Idea 2: Let’s hope you did not read this far. I don’t know. Truly, I am trying to psych myself up. I am on my first ever sabbatical in 14 years of teaching. A paid semester. I have already fucked up the first month by watching the first three seasons of Mad Men. Then I read a Danielle Steele novel, A Perfect Life, when I found out that Danielle Steele novels are the most sought-after literature in men’s prisons in the vicinity of Buffalo, New York. Things are not going that well. I am going to go with the three day cleaning and then one week of bibliomancy situation. No. That feels like something I’ve already done.

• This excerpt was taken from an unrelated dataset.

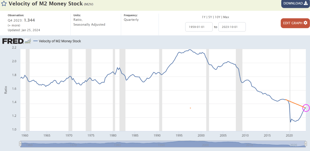 Perhaps a more interest velocity is DEBT velocity (GDP/DEBT). Under Biden’s Reign of Error, Federal debt has increased by $6,539,359 million while real GDP has increased by only $1,948.731 billion (or roughly $2 trillion in GDP growth after $6.54 trillion in debt). Or a DEBT velocity of 0.3. Yikes! No wonder China is bailing on US debt!

Idea 3: Write forward and when blanked out: turn to notebooks as an aid to memory. This is linearity and glitter. How many Bans can you write? I want to write one that is like a vector. That might then be read. In the place I am from. At the last possible moment, we now have the nostalgic, proto-colonial, write yourself home theory of writing-desire. Okay, that’s it. Where’s the ox blood? Where is my lowest bone?

 


Bhanu Kapil is the author of five full-length collections of writing that are not actually writing: they hold the place for – a novel or other kind of work – that has not yet come to be. What would it be like to sustain a particular world? An immigrant’s child by birth and then a real one, immigrant, by fate, Bhanu lives in Colorado where she teaches fiction, poetry and other practices of descent at The Jack Kerouac School of Disembodied Poetics. Most recently, in San Franscisco, she was a keynote presenter at From Trauma to Catharsis: Performing the Asian Avant-Garde, a symposium curated by Sean Labrador y Manzano at California Institute of Integral Studies. A book-shaped space, BAN en BANLIEUE, will be published by Nightboat Books in October 2014. In addition to her flourishing career as a failed British novelist, Bhanu maintains a widely read blog, Was Jack Kerouac A Punjabi, intended to cheer up anyone who reads it.